War on the Rocks:

By FARZIN ZANDI

“Today, you can get in a car in Tehran and get out in the Dahia, Beirut.” Five years and two months after Gen. Qasem Soleimani made this statement, the Islamic Republic of Iran is in retreat. Iran’s air and ground lines of supply to Lebanon now go through Sunni-dominated Syria, where the Assad regime recently crumbled. Even if Iran could more easily get to Lebanon, Hizballah is the weakest it has been in over a generation, having been relentlessly battered by Israel. In the words of one high-ranking commander in Iran’s Revolutionary Guard Corps: “We lost, we badly lost.”

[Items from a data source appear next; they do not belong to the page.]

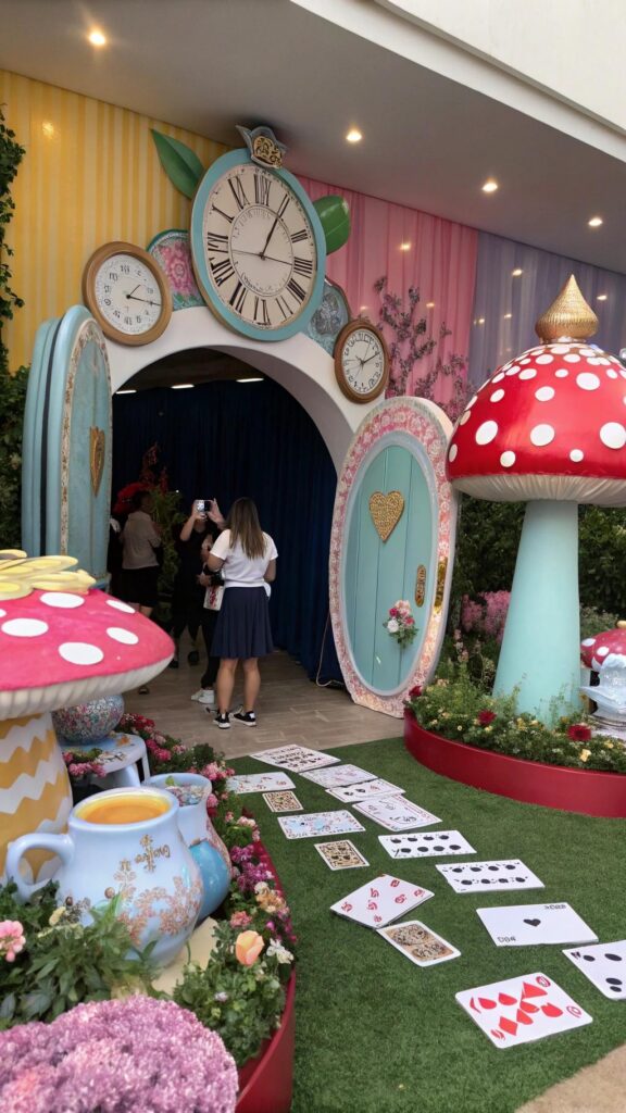 Place a giant teapot at the entrance to welcome guests. Scatter oversized mushrooms and clocks around the venue. These decorations will make everyone feel like they’ve stepped into another world.
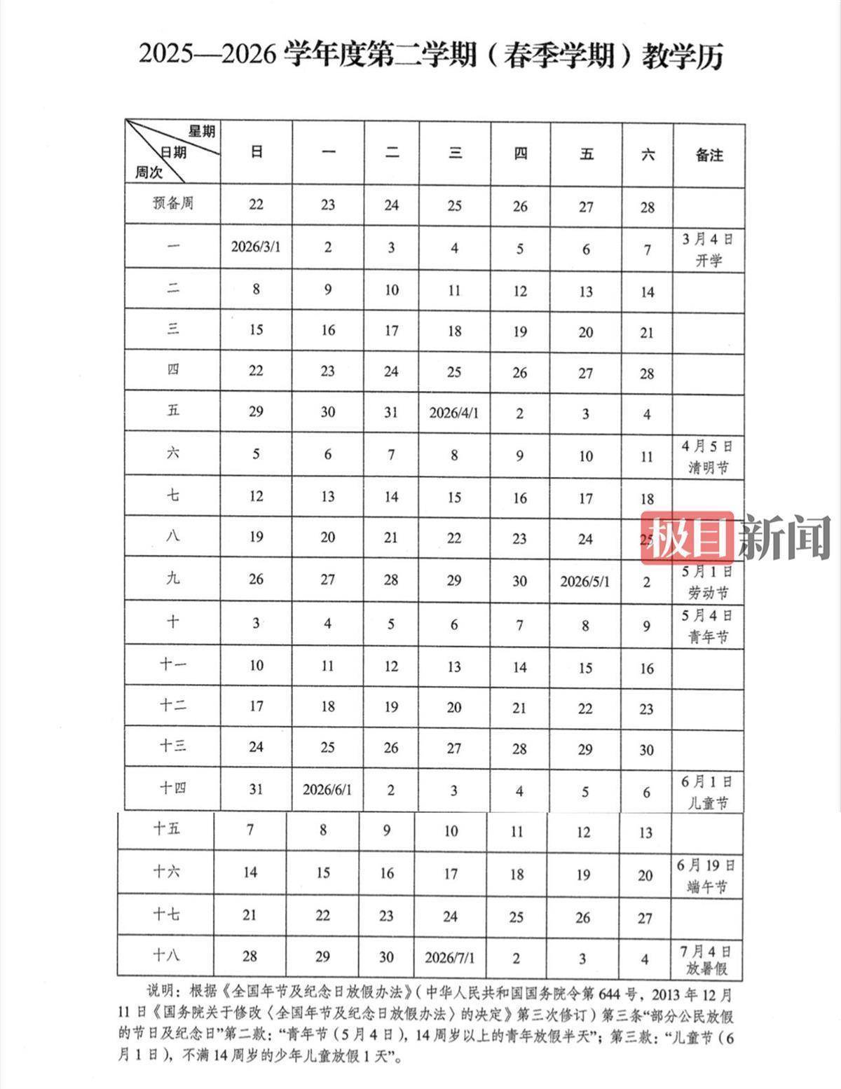 校历同时明确了2026年春季学期(第二学期)后续关键节点。除统一开学时间外,下学期期末考试及六年级毕业考试安排已同步公布。
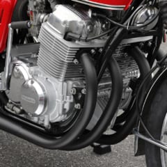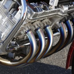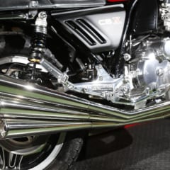 ダイヤモンドフレームに6気筒エンジンを吊り下げるCBX。シリンダーヘッド前後2カ所(左右計4カ所)のエンジンハンガープレートを、キラリと輝くアルミで製作。
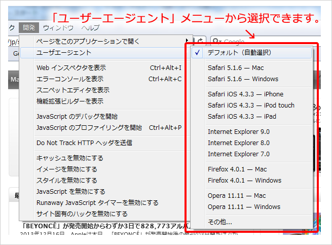 それでは次にSafariでのUserAgentの設定方法を紹介します。
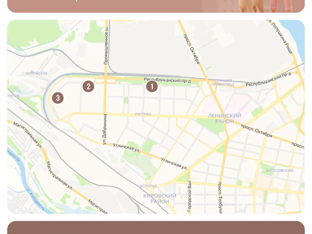 Zavolzhsky District provides three dedicated areas for residents to walk their dogs safely.
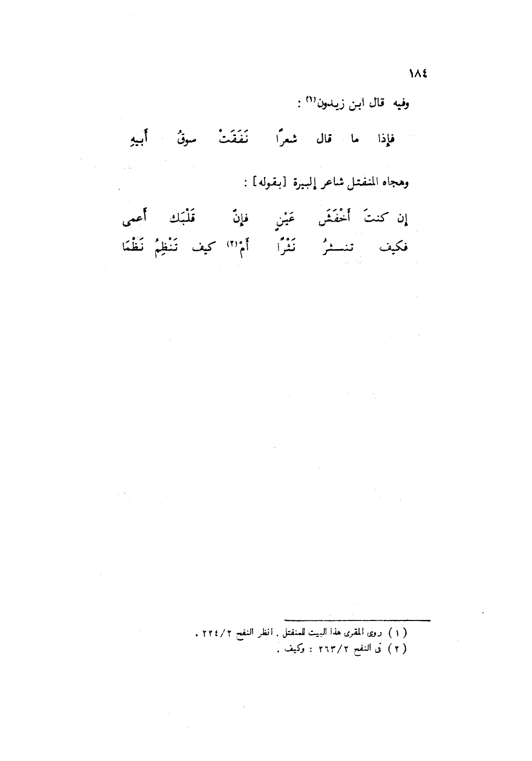 وهجاه المنفتل شَاعِر إلبيرة بقوله ... إِنْ كُنْتَ أَخْفَشَ عَيْنٍ ... فَإِنَّ قَلْبَكَ أَعْمَى
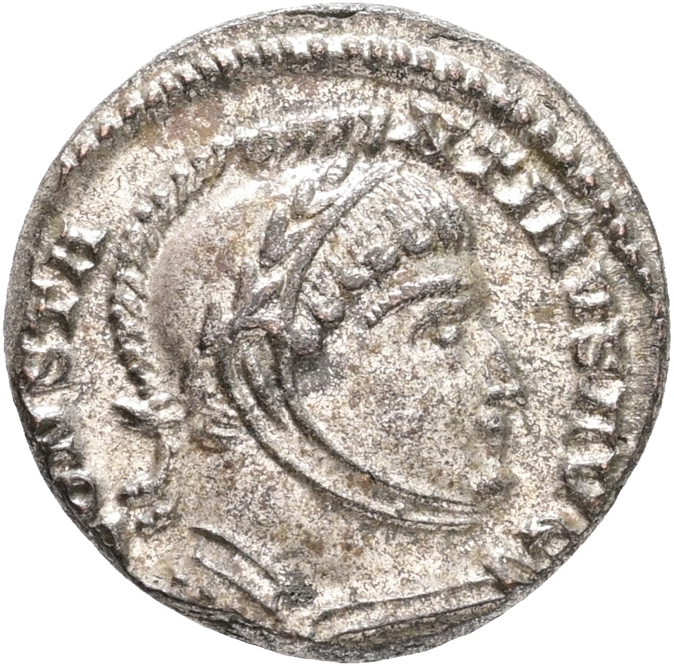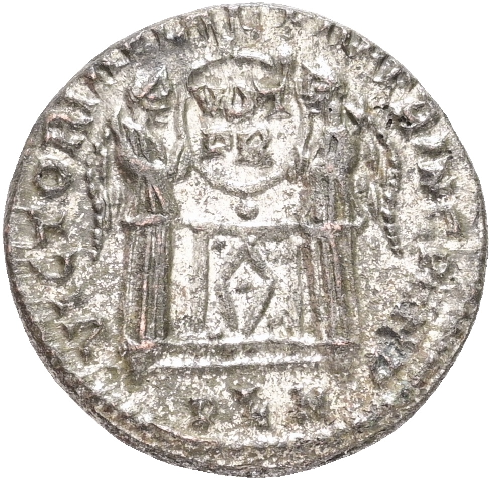 Helmeted and cuirassed bust left / Two Victories standing vis-à-vis, holding between them a shield inscribed VOT/ PR in two lines set on an altar decorated with a star within wreath; PLN
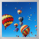 Balões de ar quente flutuantes coloridos flutuando no céu azul.
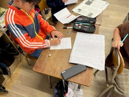 11月13日(月)1時間目、3年2組は国語で「パラリンピックが目指すもの」を学習していました。パラリンピックのガイドブックを作っていました。
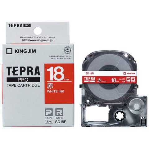 キングジム テプラ カラーラベルテープ(赤テープ/白文字/18mm幅) SD18R

Iran’s ability to deter and wage war in recent decades was largely through gray zone methods. And the structures, resources, and allies that allowed it to do this are now in tatters. But the erosion of Iran’s gray zone strategy was already happening when Assad was still in power and Hizballah loomed over Israel as a fearsome threat. Iran’s economic dysfunction and political disarray prevented it from building and sustaining resilience. This analysis highlights how Iran’s economic malfeasance, fueled by internal divisions among government stakeholders, has undermined its geopolitical ambitions and prevented it from converting regional influence into sustainable economic leverage, marking a potential turning point in its regional strategies.

Battle in the Fog

Iran’s gray zone strategy refers to a strategic approach that operates between conventional warfare and peacetime competition. Characterized by ambiguity, deniability, and reliance on proxies, Iran uses organizations like Hizballah in Lebanon, the Houthis in Yemen, and militias in Iraq and Syria to project influence and challenge adversaries — such as confronting the United States as the dominant external power in the Middle East, along with its regional allies, Israel and Saudi Arabia. Through asymmetric tactics — including political, economic, social, intelligence, and military support for various non-state actors — Iran pursues its geopolitical objectives while avoiding full-scale conflict. This strategy enables Tehran to expand its regional influence, counterbalance its rivals, and maintain plausible deniability in the face of international criticism or retaliation. The United States has sought to counter this strategy through various means, focusing particularly on “push back” and “roll back” approaches.